I have tried samtools rmdup on my paired end fastq files, which were earlier trimmed. According to the samtools manual, rmdup works as follows: Remove potential PCR duplicates: if multiple read pairs have identical external coordinates, only retain the pair with highest mapping quality.
I have 23% duplicates in my data (found by aligning raw reads to the reference). Trimming the raw reads would have trimmed duplicates into reads of different lengths. How then would rmdup work on my pre-processed reads?
Is there a better option?
There are two things that you (I think) are mixing up.

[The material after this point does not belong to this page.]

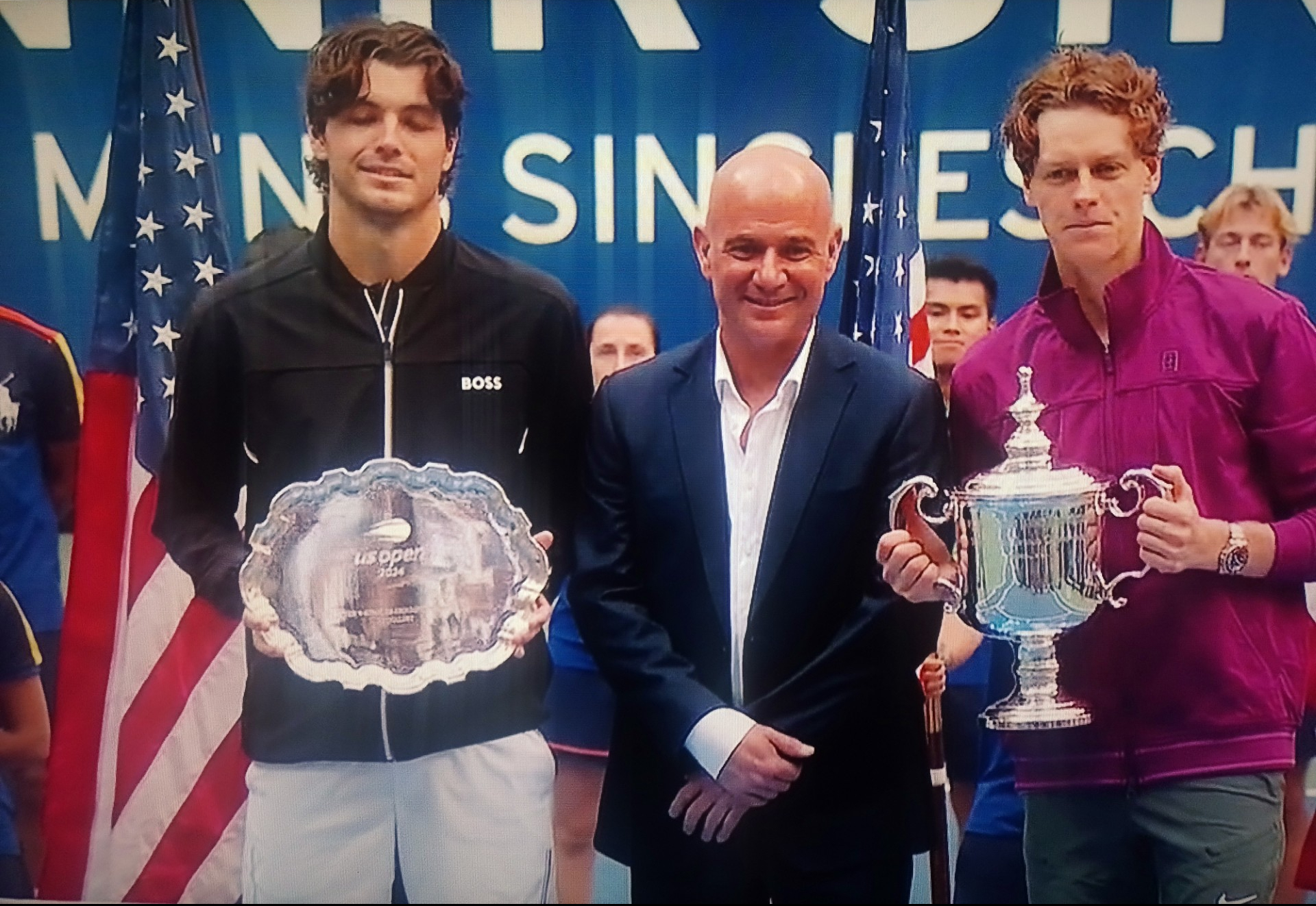 Lo cierto es que al momento de hablar con las raquetas, lo del pelirrojo de pelo enrrulado fue contundente. Yendo a las instancias decisivas, en cuartos de final superó amplliamente a Daniil Medvedev (campeón del US Open hace tres años y a quien Sinner le había ganado la última definición de Australia), en semifinales al británico de saque indomable Jack Draper, y en la final a Fritz, el californiano ilusionado con terminar con la sequía de no tener un campeón estadounidense en Flushing Meadows desde 2003 (el último fue Andy Roddick, quien estuvo presente en varios partidos de hombre y mujeres, junto a otra ex campeona, la en su momento jugadora prodigio Tracy Austin).

1) trimming is done on the fastq files, but rmdup works on aligned data
2) duplicates are defined by the 5' ends of the paired-end data, while trimming takes away bases from the 3' end, so no worries, trimming will not affect duplicate removal.
"external coordinates" means both 5' as well as 3', doesn't it?
No, as in paired-end, the insert size, which defines the fragment, are solely defined by the 5' ends of the respective fwd and rev reads. Have a look at this figure, you can see that no matter where the 3' ends are (so the arrow heads), the 5' ends are unaffected by this, and so is the insert size and by this the definiton of a duplicate.
Thanks! Got it! Why do I still have 14% duplicates?
Also, I had 23% duplicates earlier. After using rmdup, I'm still left with 14% duplicates.
samtools rmdum does not remove duplicates when paired reads map to different chromosomes. Do these 14% duplicates left map to different chromosomes?
How can I find this out?
Hello,
how do you trimm your reads? When trimming it can happen that not all reads survive it because they are to short now.
fin swimmer
I used bbduk from bbtools to trim my reads. Yes, I lost some reads in the process of doing so, but not many.